Neubau der Zentralen Landesbibliothek Berlin: Von der Zukunft erschlagen
Am Flughafen Tempelhof werden seit Mittwoch die Entwürfe für den Bau der Zentralen Landesbibliothek präsentiert. Die Besucher favorisieren nicht unbedingt den Siegerentwurf des vorangegangenen Wettbewerbs. Aber das ist nicht der einzige Streitpunkt. Ein Ausstellungsbesuch.
Der Kontrast könnte größer nicht sein: Hinter den Fenstern lockt die Weite des Tempelhofer Feldes, die Sonne strahlt vom wolkenlosen Himmel, die bunten Segel der Kitesurfer tanzen über die freie Fläche.
Die Räumlichkeiten diesseits der Fenster, in denen seit Mittwoch die Entwürfe für den Neubau der Zentralen Landesbibliothek (ZLB) präsentieren werden, haben dagegen den Charme eines Stadtarchivs: Die Pläne werden dicht an dicht auf Stellwänden aus braunem Pappkarton präsentiert, die dazugehörigen Modelle sind auf Kniehöhe platziert, und die Erläuterungen der Architekturbüros sind im Din-A-4-Format an die Wand geheftet. Eine Übersichtstafel zur Orientierung in der umfangreichen Ausstellung sucht man vergebens. Immerhin werden alle 40 Entwürfe gezeigt. Zu jedem gehören Ansichten, Grundrisse, Auskünfte über „Tragwerk“ und Energiebedarf.
Lieber verspielt statt harter Beton
Doris Schwenke, Rentnerin aus Wilmersdorf, fühlt sich nach ihrem Rundgang dann auch „ganz erschlagen“, wie sie sagt. Sie vertritt wie andere Besucher die Meinung, dass die Ausstellung für Laien „grenzwertig“ ist.
Aber die ausgestellten Entwürfe können manche Besucher dennoch begeistern. Jutta Bartl, Psychotherapeutin aus Tiergarten Süd, und ihr fünfzehnjähriger Sohn Maximilian sind gekommen, weil hier an der ZLB endlich einmal innovativ gebaut werde. „Ansonsten schöpft Berlin ja in der Regel lieber aus seiner Geschichte, so zum Beispiel am Schloss“, meint Jutta Bartl.
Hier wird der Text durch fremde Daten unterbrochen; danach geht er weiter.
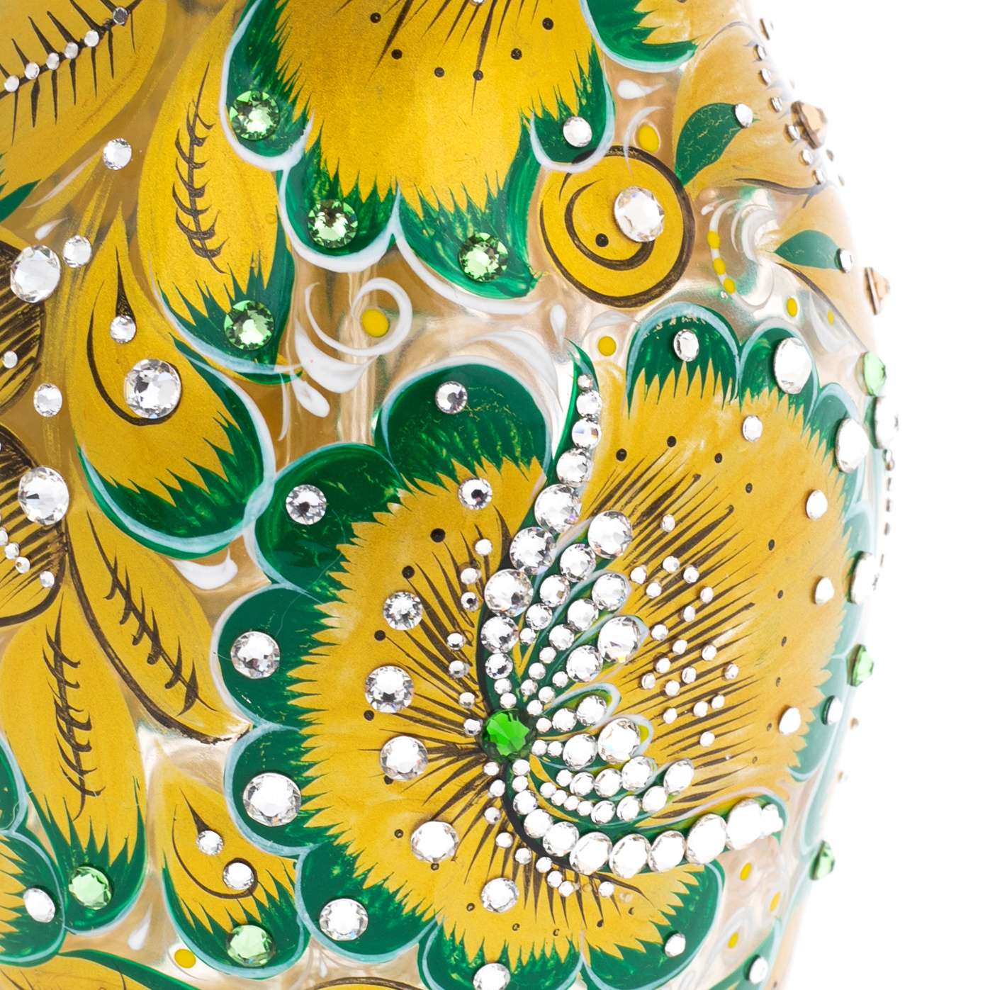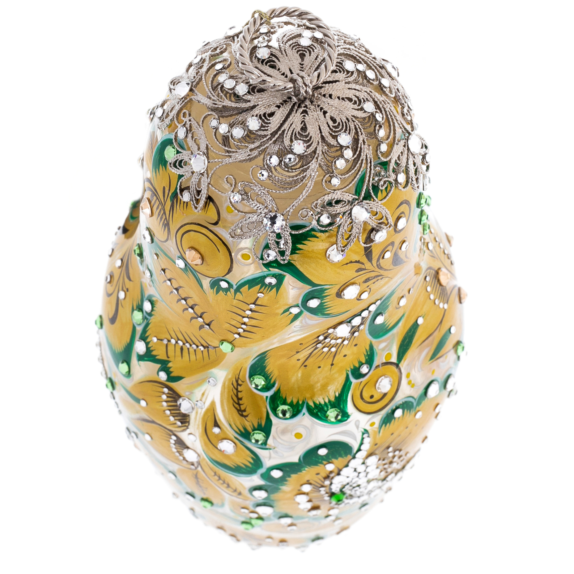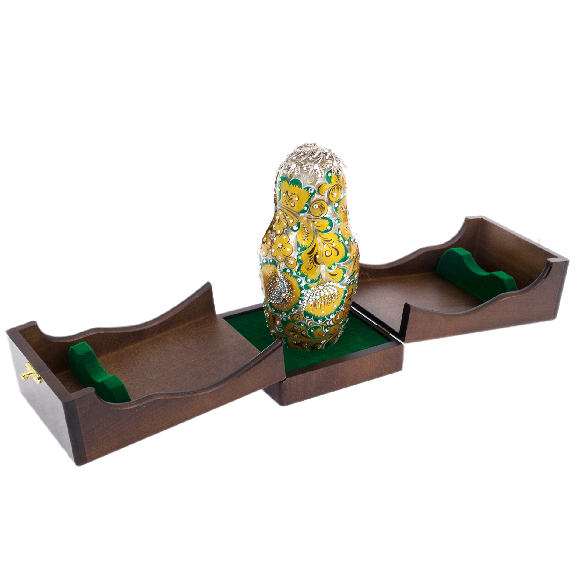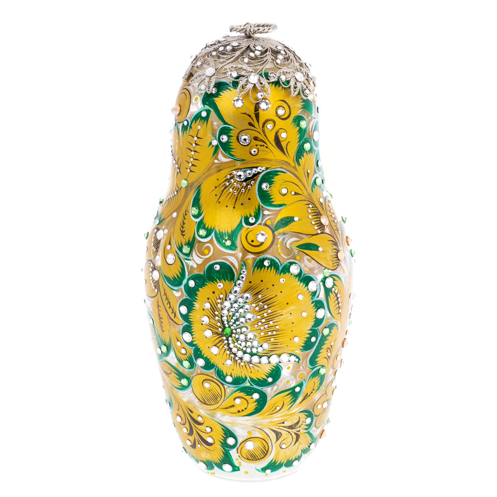 Матрешка-медовница из стекла "Золотой изумруд" со стразами Swarovski, Хохлома

Die Siegerentwürfe des vorangegangenen Wettbewerbes, angefertigt von den Büros Miebach-Oberholzer aus Zürich und Kohlmayer-Oberst aus Stuttgart (oberes Bild), sind aber nicht unbedingt die Favoriten der Besucher. Rolf Sanden, Pensionär aus Charlottenburg, meint: „Den Entwurf von Miebach-Oberholzer finde ich langweilig, der wirkt wie eine Sparkasse auf mich.“ Auch mit dem Modell des Büros Kohlmayer-Oberst kann er sich nicht so recht anfreunden: „Die Wirkung des Betons ist mir zu hart.“ Insgesamt favorisieren die meisten Besucher eher verspieltere und grazilere Entwürfe. So steht zum Beispiel das Modell des dänischen Büros 3XN, der Jutta Bartl und ihren Sohn an einen verdrehten Zauberwürfel erinnert, hoch im Kurs.
Braucht Berlin überhaupt eine neue ZLB?
Alle Besucher eint das Interesse an der städtebaulichen Zukunft Berlins. Die Frage, ob Berlin einen 51.000 Quadratmeter großen Neubau für die ZLB brauche, stößt dagegen auch bei den Besuchern der Ausstellung auf ein geteiltes Echo. Ingrid und Peter Huth, Rentner aus Rudow, meinen, dass es bereits genug Bibliotheken in Berlin gebe. Andere finden, dass Berlin lieber den jetzigen Standort der Zentralen Landesbibliothek am Kreuzberger Blücherplatz ausbauen sollte. Bis zum Baubeginn ist nun allerdings noch der Ausgang des Volksentscheids abzuwarten.